| Your goal |
From the first line of the material through the line that holds "A little reminder", repeat each line exactly and skip any picture.

| Data shown |
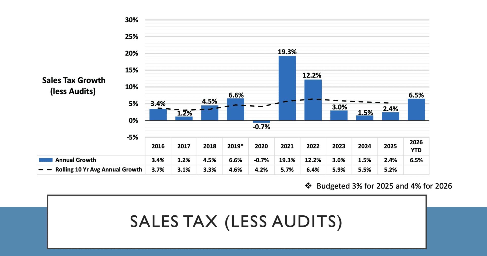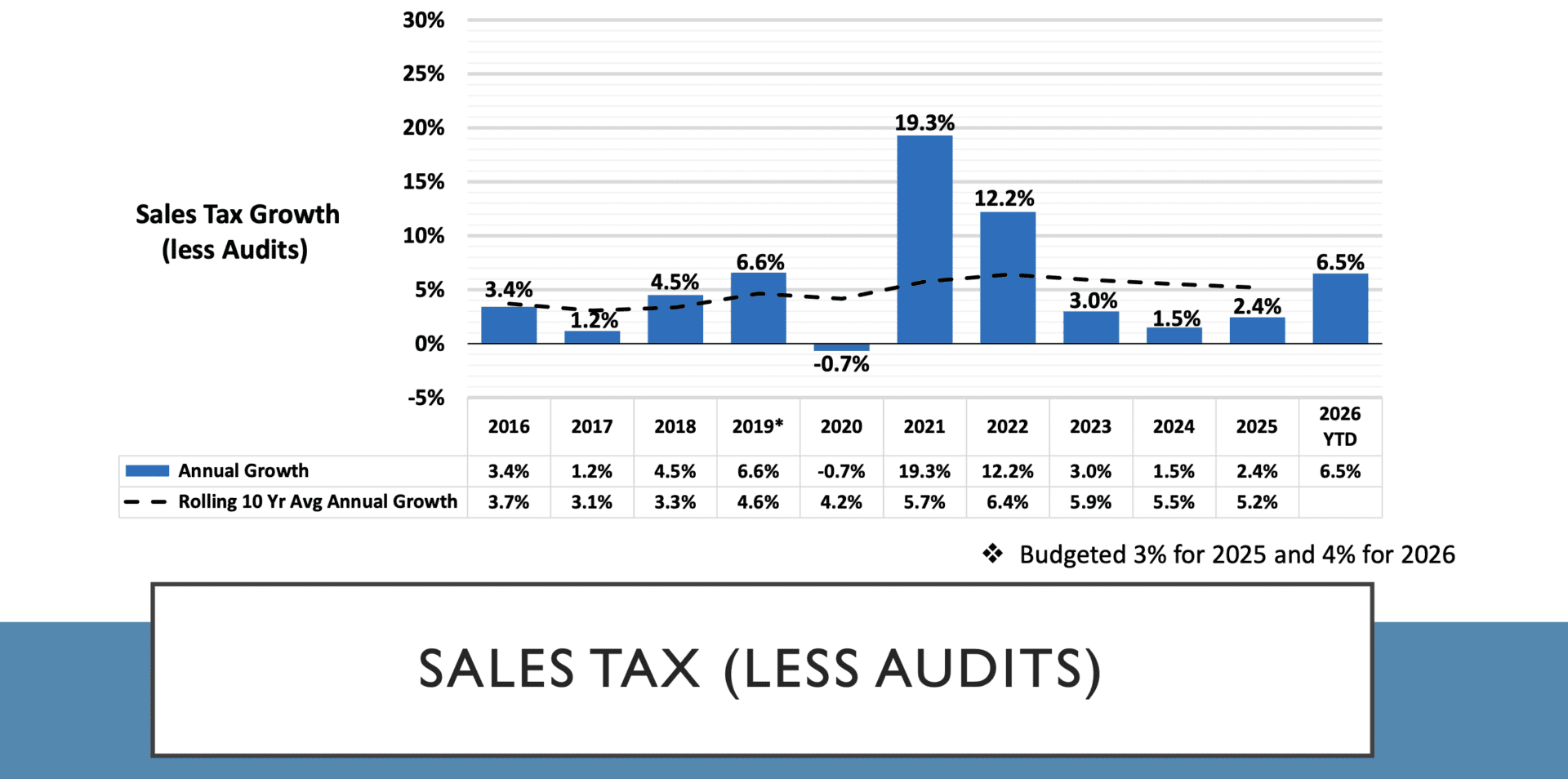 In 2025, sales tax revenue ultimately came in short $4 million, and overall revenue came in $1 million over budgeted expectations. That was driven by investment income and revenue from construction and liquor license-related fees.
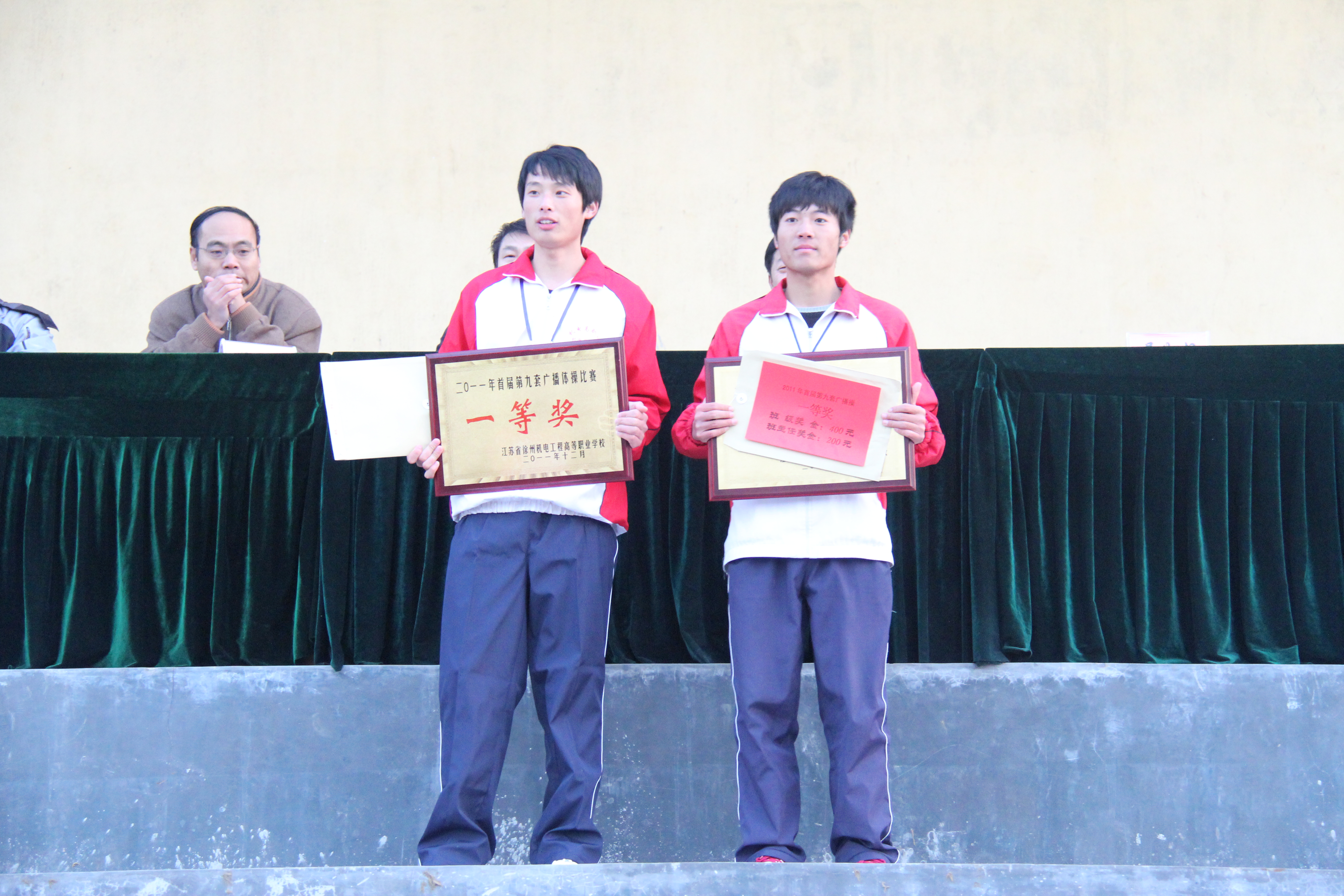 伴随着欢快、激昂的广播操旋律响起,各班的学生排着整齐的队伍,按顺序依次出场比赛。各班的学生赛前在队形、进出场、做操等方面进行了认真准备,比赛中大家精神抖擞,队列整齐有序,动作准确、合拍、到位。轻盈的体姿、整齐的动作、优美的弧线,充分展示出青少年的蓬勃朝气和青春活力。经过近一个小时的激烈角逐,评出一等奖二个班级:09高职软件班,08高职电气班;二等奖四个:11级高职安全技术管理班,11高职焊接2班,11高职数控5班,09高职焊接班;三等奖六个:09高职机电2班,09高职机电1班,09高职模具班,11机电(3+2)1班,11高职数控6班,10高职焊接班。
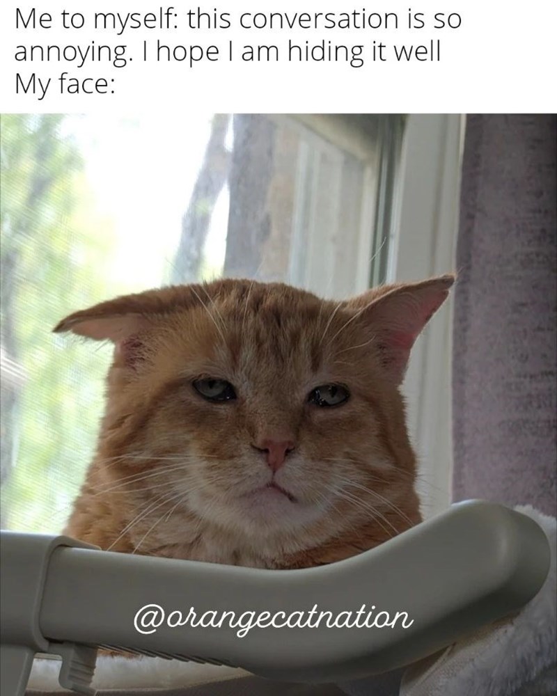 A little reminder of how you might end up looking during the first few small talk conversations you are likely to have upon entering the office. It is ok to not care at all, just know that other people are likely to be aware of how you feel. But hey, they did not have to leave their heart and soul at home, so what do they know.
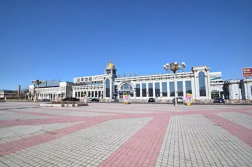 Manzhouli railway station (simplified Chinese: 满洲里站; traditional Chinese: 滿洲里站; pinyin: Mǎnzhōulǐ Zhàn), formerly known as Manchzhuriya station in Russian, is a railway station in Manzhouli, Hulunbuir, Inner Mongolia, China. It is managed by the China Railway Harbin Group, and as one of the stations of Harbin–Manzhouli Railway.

| Result of the exercise |
 In 2025, sales tax revenue ultimately came in short $4 million, and overall revenue came in $1 million over budgeted expectations. That was driven by investment income and revenue from construction and liquor license-related fees.
 伴随着欢快、激昂的广播操旋律响起,各班的学生排着整齐的队伍,按顺序依次出场比赛。各班的学生赛前在队形、进出场、做操等方面进行了认真准备,比赛中大家精神抖擞,队列整齐有序,动作准确、合拍、到位。轻盈的体姿、整齐的动作、优美的弧线,充分展示出青少年的蓬勃朝气和青春活力。经过近一个小时的激烈角逐,评出一等奖二个班级:09高职软件班,08高职电气班;二等奖四个:11级高职安全技术管理班,11高职焊接2班,11高职数控5班,09高职焊接班;三等奖六个:09高职机电2班,09高职机电1班,09高职模具班,11机电(3+2)1班,11高职数控6班,10高职焊接班。
 A little reminder of how you might end up looking during the first few small talk conversations you are likely to have upon entering the office. It is ok to not care at all, just know that other people are likely to be aware of how you feel. But hey, they did not have to leave their heart and soul at home, so what do they know.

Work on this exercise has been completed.